This method involves immersion of fresh pollen from the self-incompatible cultivar in ethanol (70%v/v) for 10 min before being dried in a vacuum evaporator. The fresh pollen of the male parent is mixed with the ethanol treated pollen (also known as mentor pollen) and this pollen mixture is used for artificial pollination (Sun et al. 2011). When a stigma is pollinated with pollen mix, proteins released from the compatible pollen facades the inhibition reaction at the stigmatic surface, thus, making the cross compatible.

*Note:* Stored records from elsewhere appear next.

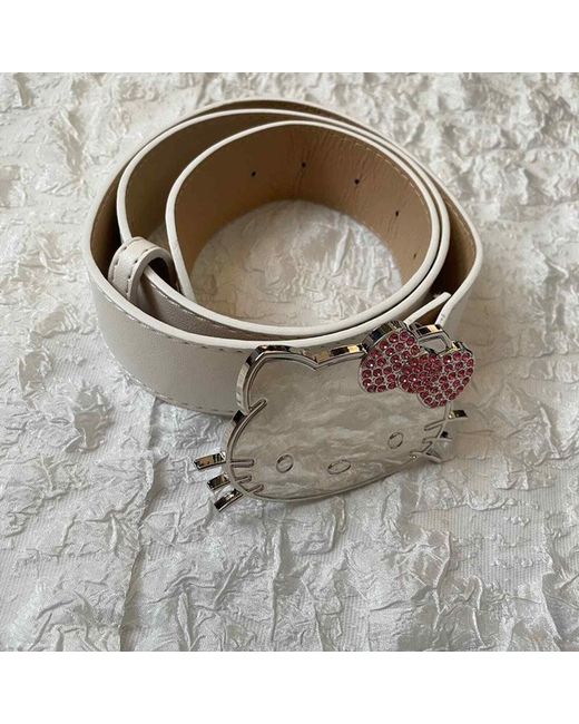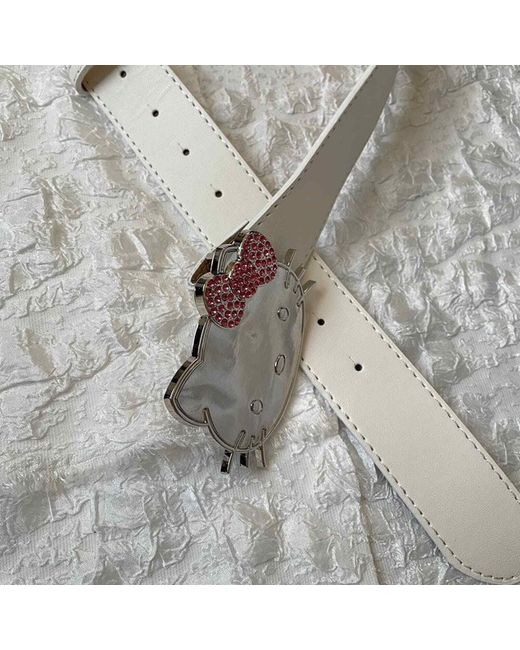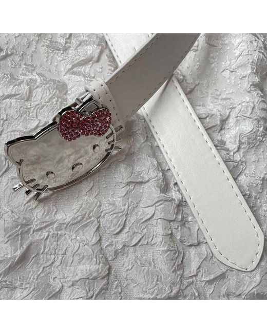 Hello Kitty PU Leather White Belt➽With a pink rhinestone bow decoration. 3.8 105cm(41”), fits waist size from 27”-37”. ➽Check out our page for so many more cute gems!
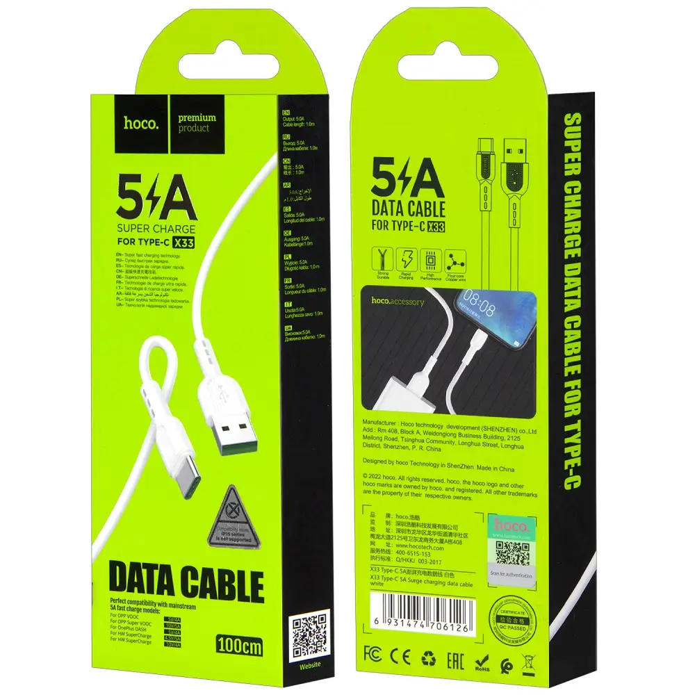 Кабель X33 USB Type-C 1M HOCO белый
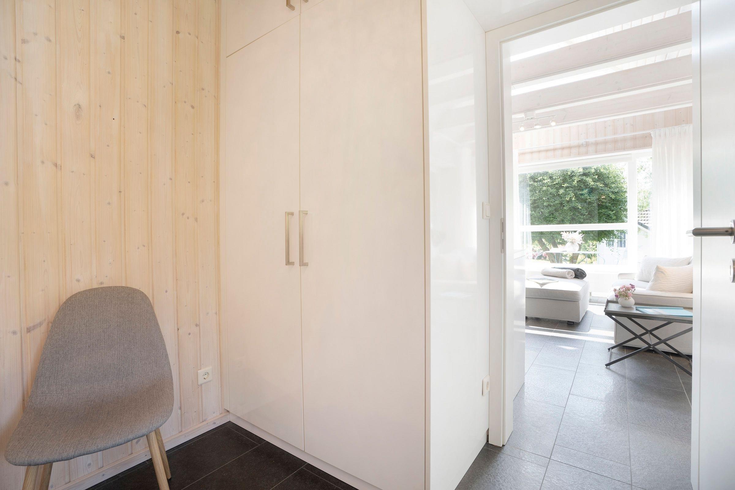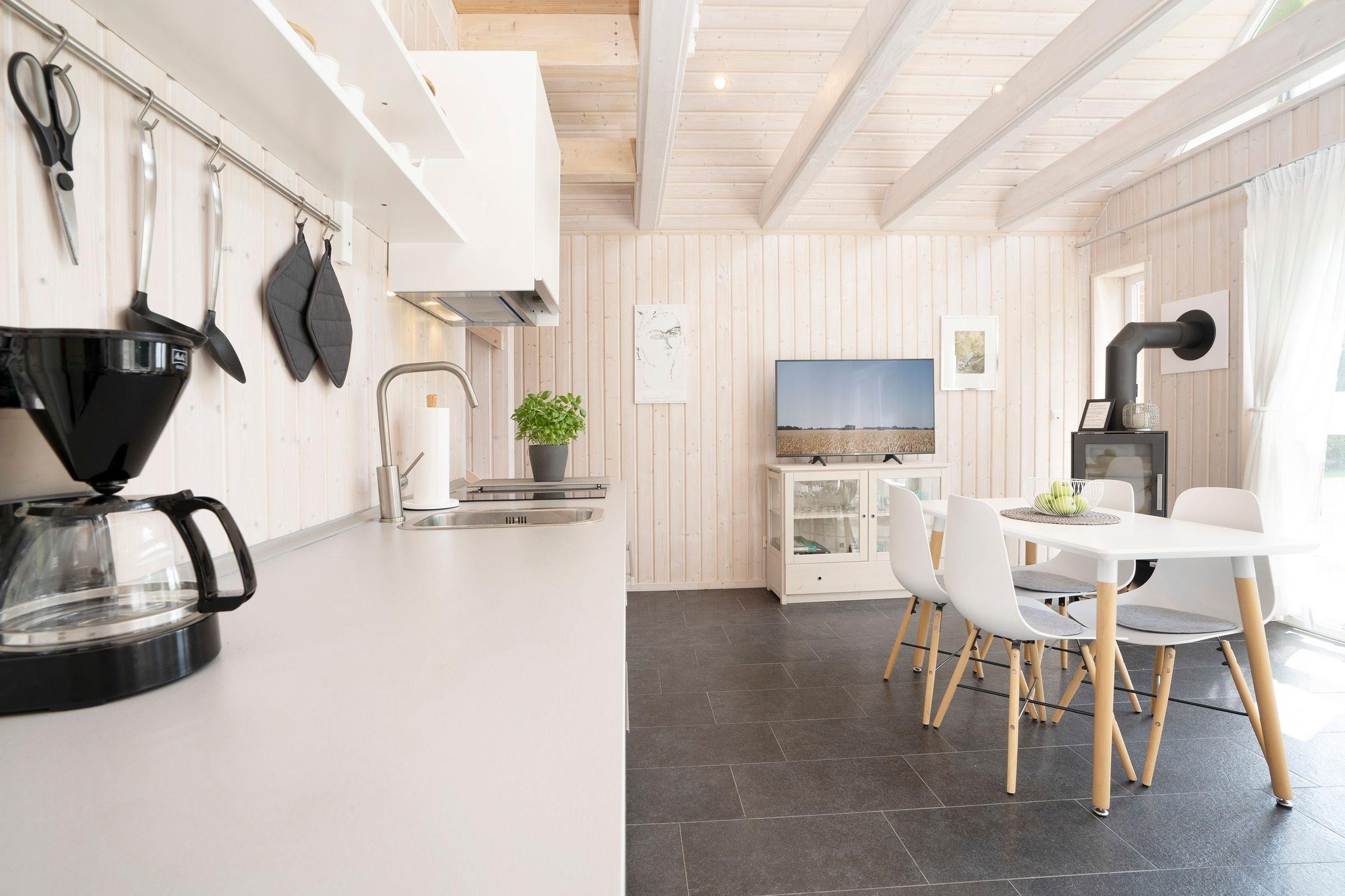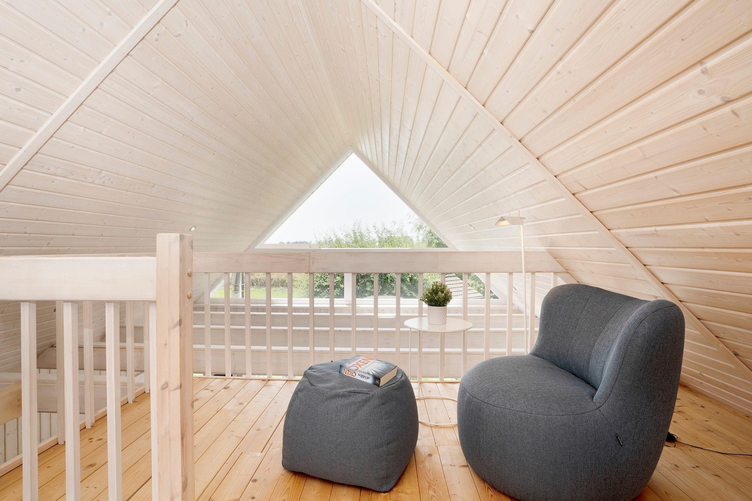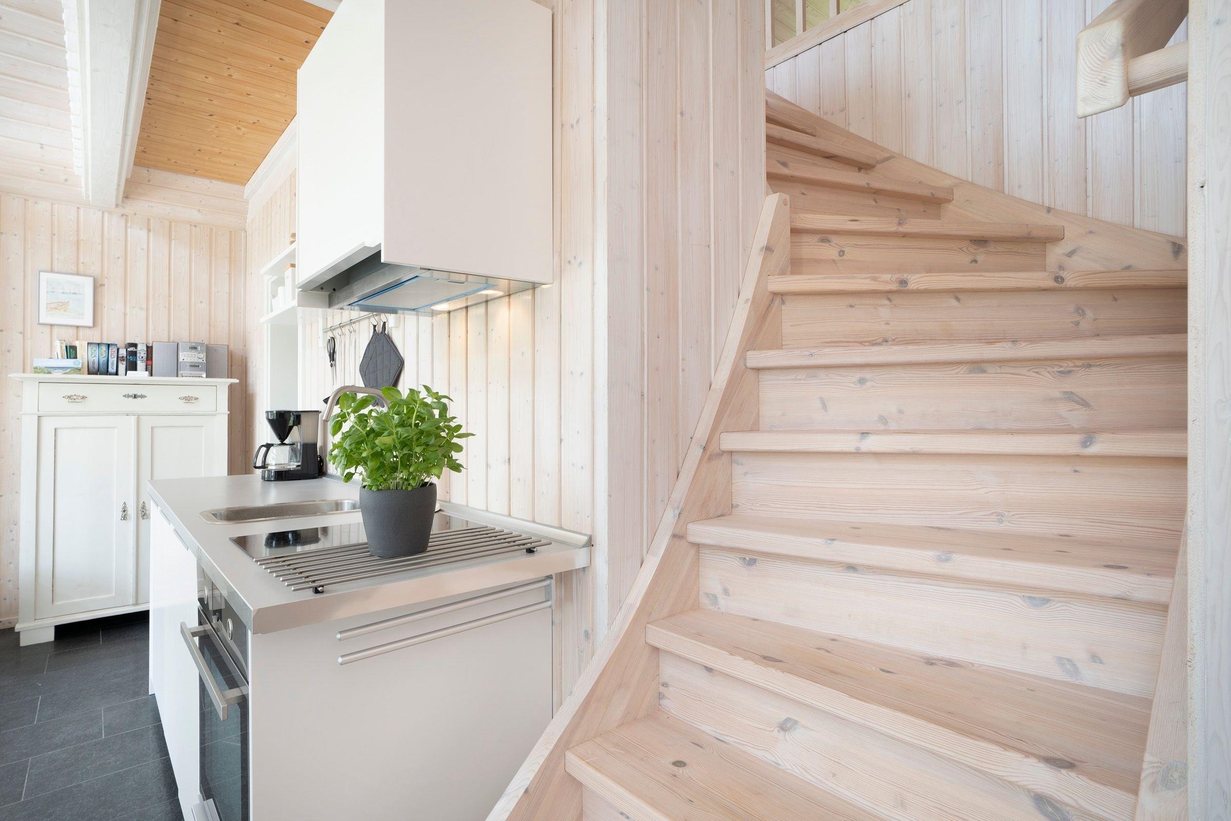 Genießen Sie den weiten Blick über die Felder, entspannen Sie auf Ihrer Terrasse oder im großen Gemeinschaftsgarten. Ein großzügiger Wohnbereich mit integrierter Küchenzeile und Essbereich, separatem Schlafzimmer mit Boxspring-Doppelbett (180x200 cm) sowie einem stilsicherem Duschbad bilden das Herzstück des Häuschens im Erdgeschoss. Im Obergeschoss befindet sich zudem eine lichtdurchflutete Galerie mit 2 weiteren Betten sowie ein Leseplatz mit Fernblick, welche Sie über die Treppe vom Wohnzimmer aus erreichen. Ein schöner Waldweg führt vom Haus bis zur Schwedenhaussiedlung und von dort gelangt man direkt zum Strand.
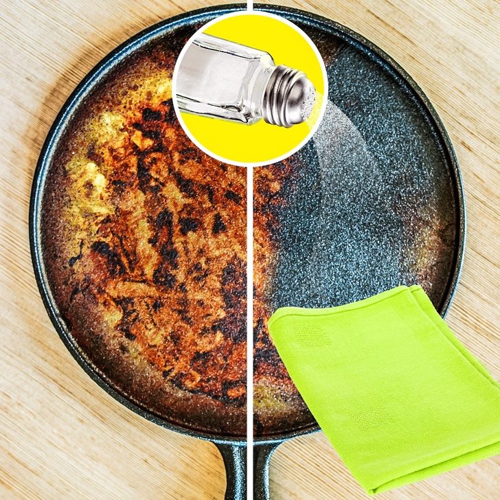 Возьмите 1 стакан соли и высыпьте на жирную поверхность сковороды. Затем простым кухонным полотенцем хорошенько протрите все грязные места, пока они не станут чистыми. В конце промойте сковороду как обычно.

The mentor pollen provides chemical substances that help incongruent pollen to adhere and germinate (Richards 1997; Sun et al. 2011). The recognition compounds released by pollen grains are what cause the mentor pollen to be stimulating, and the elements contained in the pollen surface's inner layer are connected to pollen germination and pollen tube development on the surface of this stigma (Knox et al. 1972; Pandey 1977). Thus, it may be possible to use mentor pollen to overcome pre-fertilization hurdles for the incompatible cross between the cultivated and the wild species of chrysanthemum. Ronald and Ascher (1975b) noticed an improvement in cross compatibility of chrysanthemum clones by involving self-compatible male parents in the crosses. Self-incompatibility was partially overcome with pollen mixes of compatible and fresh incompatible, self-pollen (Howlett 1975). Chase or cross pollinations were obtained by supplying a mixture of selfed or cross pollen loads on the stigmas with 2–33% viable selfed seeds in Ipomopsis aggregata (Waser and Price 1991). A significant amount of seed yield was achieved in selfed progenies of sunflower by supplying a combination of self and foreign pollen in crosses involving self-incompatible wild species. i.e. Helianthus annuus and Helianthus petiolaris (Desrochers and Rieseberg 1998). Autogamously derived progeny was lower in the genus Pilosella, varying between 6.2% in diploid Pilosella lactucella and 13% in tetraploid Pilosella officinarum (Krahulcova and Krahulec 1999). This technique was successfully adopted in a number of ornamental taxa including populus (Knox et al. 1972), cosmos (Howlett et al. 1975), petunia (Sastri and Shivanna 1976) and Cyrtanthus breviflorus (Vaughton et al. 2010).

Delayed pollination

This method allows for artificial pollination on the eighth day after emasculation using fresh pollen from the male parent. Withholding the pollination for few days following anthesis degrades the activity of pollen-inhibiting chemicals secreted by stigmas resulting in an effective pollination (Jing 2000). As the selectivity of pollen recognizing and inhibiting chemicals on the stigmatic surface is partially or completely degraded in delayed pollination, this method significantly overcomes the reproductive barriers and increases the pollen grain germination and seed set (Sun et al. 2011).

Chemical treatments

Coupling with different chemical reagents and growth hormones allow for the possibility to break self-incompatibility in a variety of members of the Asteraceae family. The role of enlisted chemicals is defined in this section.

NaCl treatment

This treatment is easy to operate as well as cost effective and helps to develop self-compatible lines for hybrid breeding (Yang et al. 2018b). In Senecio squalidus, a member of Asteraceae forced inbreeding using 5% salt treatment helped in overcoming self-incompatibility by producing pseudo-self-compatible individuals with reduced self-incompatibility along with weakened stigmatic S-specific discrimination (Hiscock 2000).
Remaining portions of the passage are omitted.